The bad aspect of this is the fact that the plants must photosynthesise in order to acquire the energy vital for their survival; for this exchange to occur the plant must be able to allow the gases in and out of the leaves, and to do this the stomata must open, meaning that water can be lost due to the opening of an exit, and also the change in the water vapour potential gradient.
Water potential is the measure of the tendency/ability of water to move freely in a solution. Water moves from an area of high water potential to an area of lower water potential, and this is what causes the water vapour in the plant to be lost to the outside atmosphere, due to the difference in the water potential gradient, and we call this “moving along the water potential gradient”.
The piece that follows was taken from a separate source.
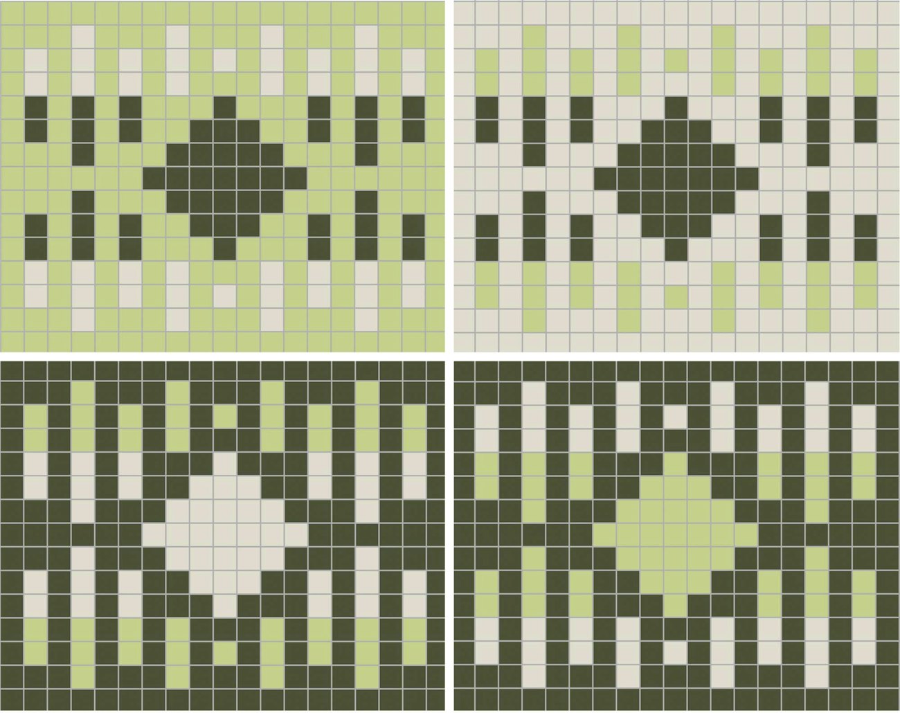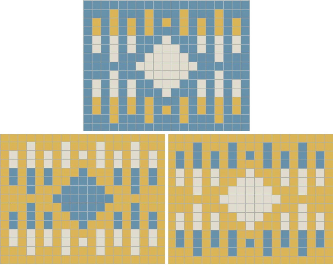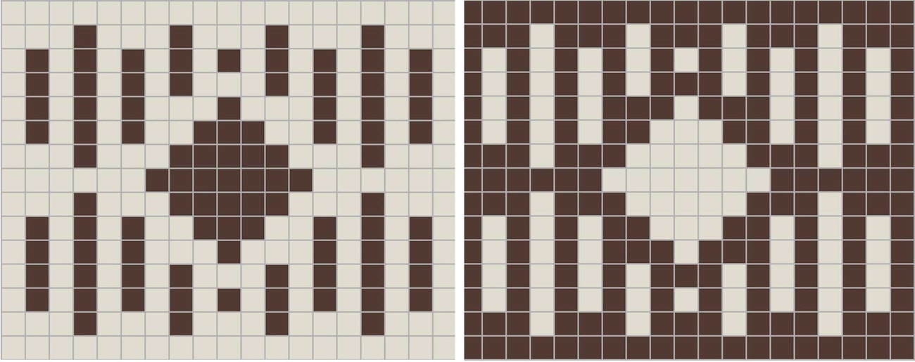 The chart in the pattern proper for the Amplitude Pullover benefits from the contrast between the dark background of the rich blue Granito Azul (blue) with the muted pop of the Granito Gold (yellow) and the natural shade of Granito (gray), as you can see in the image above. A knitter might be inspired to reduce the chart to pure contrast using just two colors—light stitches against a dark background, or flip it and place dark stitches against a lighter background. With charting software, we can preview these alternatives using the La Rinconada colors Niebla (light) and Tierra (dark).

If the water potential outside the plant was higher than the water potential inside the plant, then the plant would absorb water vapour rather than lose it, but because of the extreme weather conditions, and the difference in water potential the plant loses rather than gains water. The potential of water vapour is the same concept, and simply means the same thing but in terms of the gaseous form of water. Most plants can reduce water loss by structural and behavioural adaptations such as: * A waxy cuticle on the leaf will reduce water loss due to evaporation through the epidermis * The stomata are often found on the undersurface of leaves, not on the top surface- this reduces the evaporation due to direct heating from the sun
* Most stomata are closed at night, when there is no light for photosynthesis * Deciduous plants lose their leaves in winter, when the ground may be frozen (making water less available) and when temperatures may be too low for photosynthesis. However although xerophytes do execute these adaptations, they also have a number of adaptations specific to their own requirements that reduce the rate of water loss. Firstly, the surface area. Xerophytes have much smaller leaves, often shaped like needles. This reduces the surface area of the leaves significantly; hence the total leaf surface area is also reduced. This means that there is a much smaller area for the water vapour to escape from, this works well because the smaller the surface area, the smaller the quantity of water that can escape, therefore the less water lost. The thorn like structures reduce the area exposed for transpiration. Pine trees are prime examples of this, as they have small needle-shaped “leaves” that have a small surface area, therefore are able to retain more water as a result, because less of the area is exposed, and so transpiration cannot occur as abundantly.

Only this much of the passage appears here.